How big should a batch be?

In testing, batches of 500–5 000 items per bulk_create_nodes call hit the sweet spot between client memory and network round-trips. Larger batches are fine for straightforward node creation, but bulk_create_relationships is bottlenecked by the MATCH lookup on each endpoint — splitting into smaller batches gives the planner more opportunities to use indexes.
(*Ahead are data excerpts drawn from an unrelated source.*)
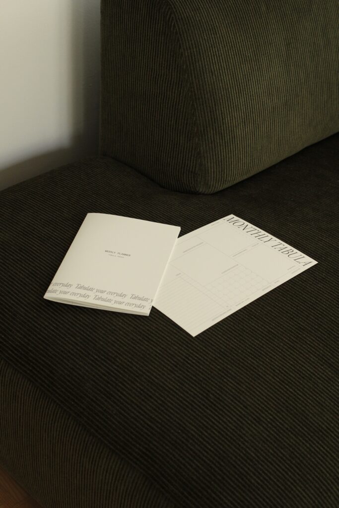 Nämä ylemmän tason teemat viedään astetta konkreettisemmiksi Monthly Tabula -kuukausinäkymään. Kuukausinäkymään merkitään tärkeiden päivämäärien lisäksi muun muassa asiat, joihin haluaa sen kuukauden aikana keskittyä. Sen lisäksi, että kuukausinäkymässä mietitään oman hyvinvoinnin pilareita, otetaan huomioon myös ympärillä oleva yhteisö – miten voisi luoda hyvää muille, oli se sitten hyväntekeväisyystyötä tai yhteistä aikaa ystävien kanssa.
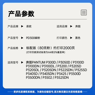 P3000D P3405DN M6202W 300H墨粉打印机硒鼓碳粉墨粉 P3500DN P2550 P3205 易欧适用奔图M6202 P3500
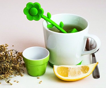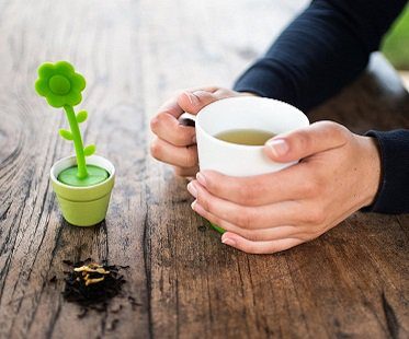 Enjoy your favorite infusions with this flower tea infuser and mug set! Let your loose tea leaves blossom in your mug for the desired steeping time ready for you to relax with and enjoy. This four piece set includes: silicone infuser, ceramic pot holder, ceramic tea mug and built-in removable coaster.
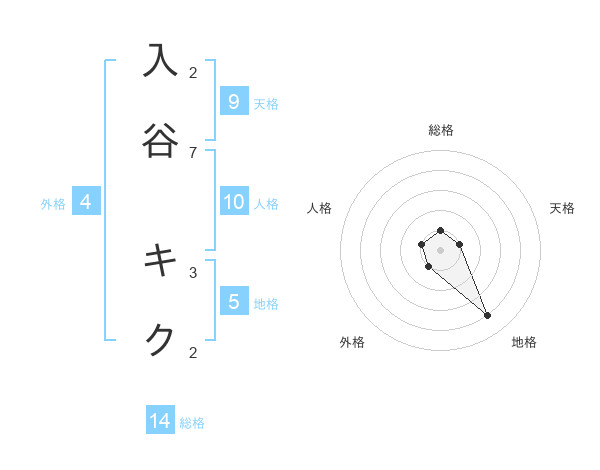 入谷 キクさんの総格は14画の1点!
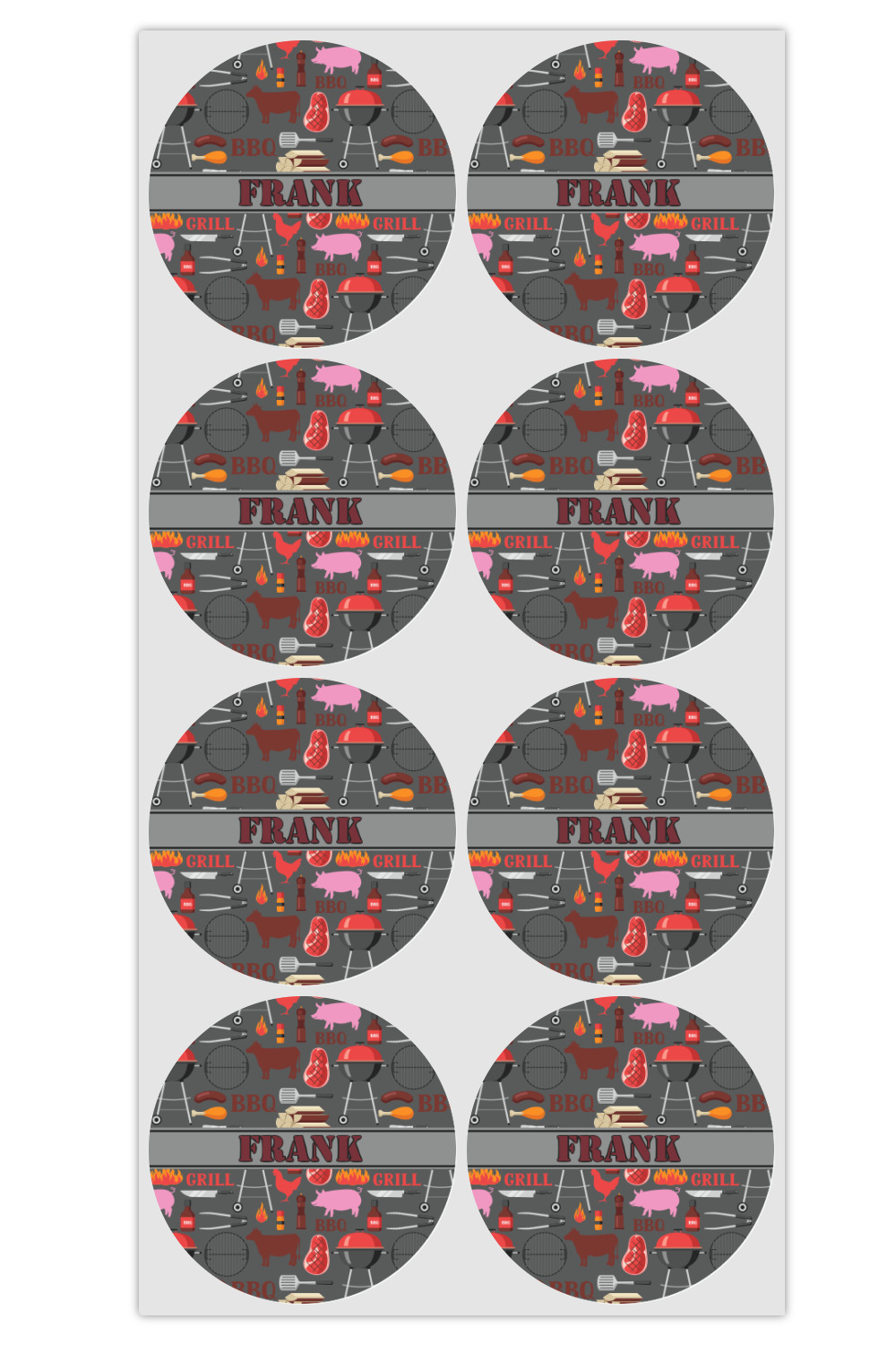This design features pigs, cows, grills, and more on a simple grey background. There are wonderful contrasting reds, oranges, and charcoals in this manly design. The ribbon across the middle fits your personalization right in the middle.

If you're ingesting millions of rows, also consider:

  1. Running SchemaDDL.uniqueness_constraints() before the bulk load, so the MERGE keys are indexed.
  2. Disabling provenance / Chunk nodes during the bulk phase and rebuilding them afterwards.
  3. Using the async LLMNLToCypher.aingest_texts with max_concurrency=10 if your ingest involves LLM generation. See Async & rate-limit.

Composing with sessions

GraphSession.bulk_create(), bulk_merge(), and AsyncGraphSession's counterparts just wrap these BulkOps methods:

session.bulk_create(Person, items)
# Internally:
# cypher, params = BulkOps.bulk_create_nodes(Person, items)
# return session.execute(cypher, params)

So you can use either layer interchangeably — BulkOps for direct driver use, GraphSession.bulk_* for the ORM-integrated path.